What you should do -
Please repeat each line below exactly, with no images in the copy.

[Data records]
####################

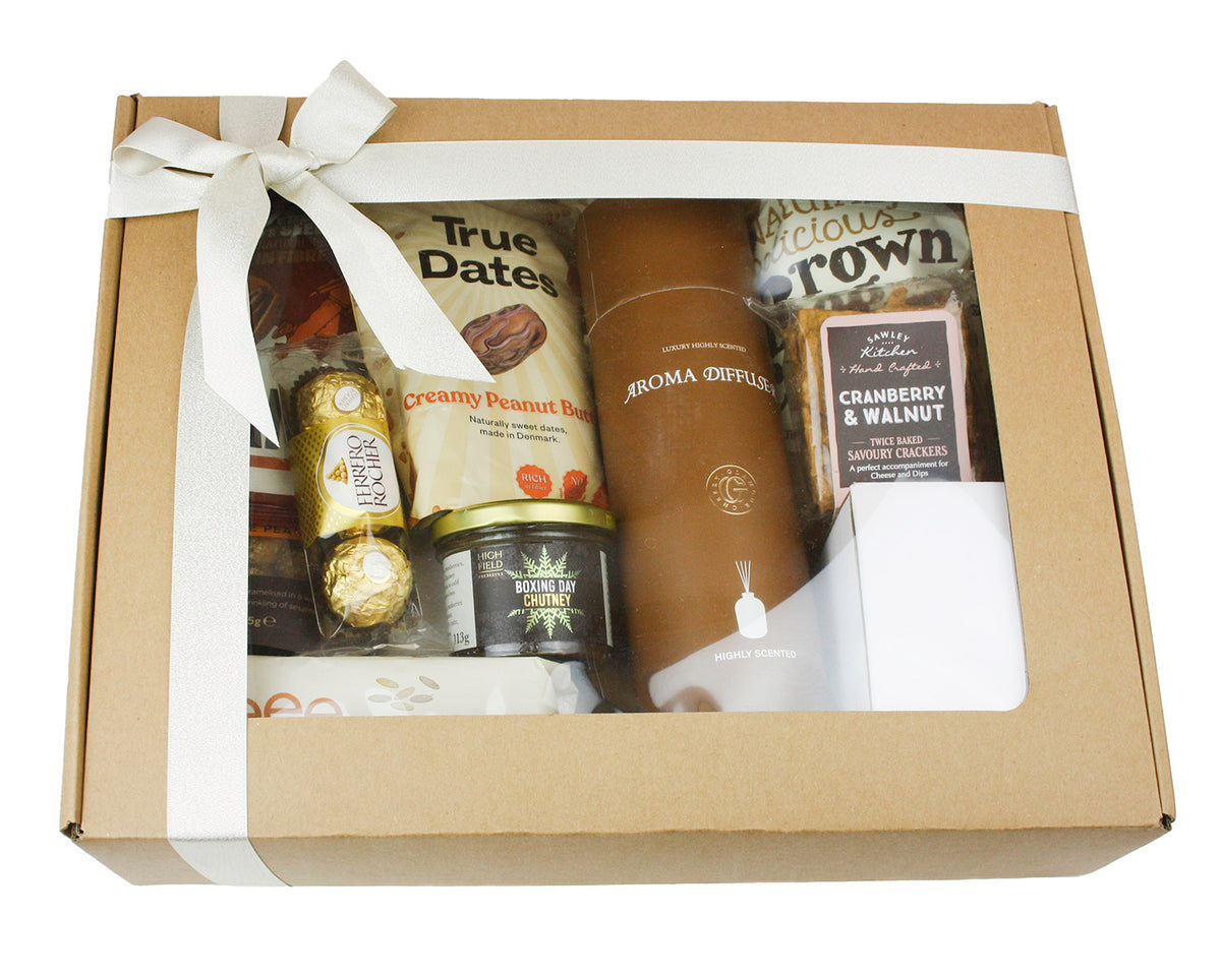• 🏡 RELAXING HOME ESSENTIALS – Comes with a scented candle and an aroma diffuser to create a calming atmosphere. A thoughtful addition that transforms this food hamper into a relaxing experience.
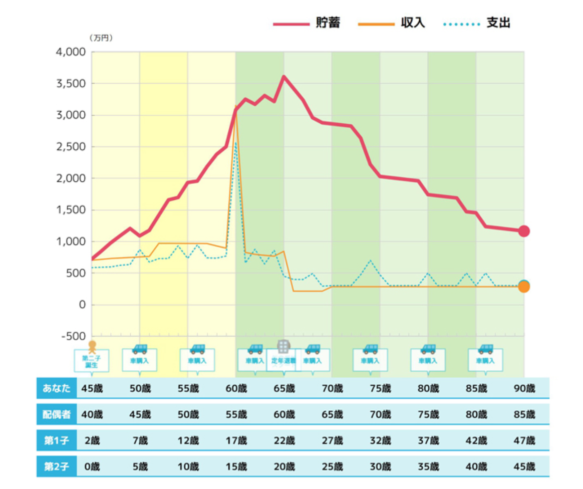 これだけで、生涯一度も赤字に転落することなく、90歳の時点で1,000万円以上の貯蓄額となりました。
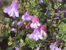 The flowers are borne singly or in pairs in leaf axils on a sticky stalk, usually 9–18 mm (0.4–0.7 in) long. There are 5 green to purplish-brown, lance-shaped to egg-shaped overlapping sepals which are very hairy on their inner surface. The petals are 16–23 mm (0.6–0.9 in) long and are joined at their lower end to form a tube. The petal tube is deep purple to mauve on the outside and white with yellow-brown spots inside. The outside of the tube and petal lobes are densely hairy but the inside of the lobes is glabrous and the inside of the tube is woolly. The 4 stamens are fully enclosed in the petal tube. Flowering occurs from March to October and is followed by woody, almost spherical fruits which have a hairy, papery covering and are 5.5–8.5 mm (0.2–0.3 in) in diameter.[2][3]
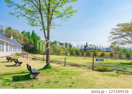北海道の初夏 白樺林と新緑の芝 メモスペース 多め
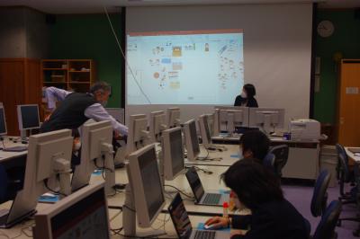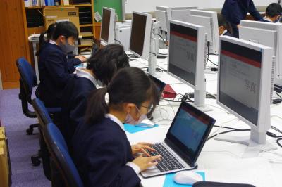 新一年生向けて行う学校紹介の資料をパソコンで作っています。

####################

Response to the exercise -
• 🏡 RELAXING HOME ESSENTIALS – Comes with a scented candle and an aroma diffuser to create a calming atmosphere. A thoughtful addition that transforms this food hamper into a relaxing experience.
 これだけで、生涯一度も赤字に転落することなく、90歳の時点で1,000万円以上の貯蓄額となりました。
 The flowers are borne singly or in pairs in leaf axils on a sticky stalk, usually 9–18 mm (0.4–0.7 in) long. There are 5 green to purplish-brown, lance-shaped to egg-shaped overlapping sepals which are very hairy on their inner surface. The petals are 16–23 mm (0.6–0.9 in) long and are joined at their lower end to form a tube. The petal tube is deep purple to mauve on the outside and white with yellow-brown spots inside. The outside of the tube and petal lobes are densely hairy but the inside of the lobes is glabrous and the inside of the tube is woolly. The 4 stamens are fully enclosed in the petal tube. Flowering occurs from March to October and is followed by woody, almost spherical fruits which have a hairy, papery covering and are 5.5–8.5 mm (0.2–0.3 in) in diameter.[2][3]
北海道の初夏 白樺林と新緑の芝 メモスペース 多め
 新一年生向けて行う学校紹介の資料をパソコンで作っています。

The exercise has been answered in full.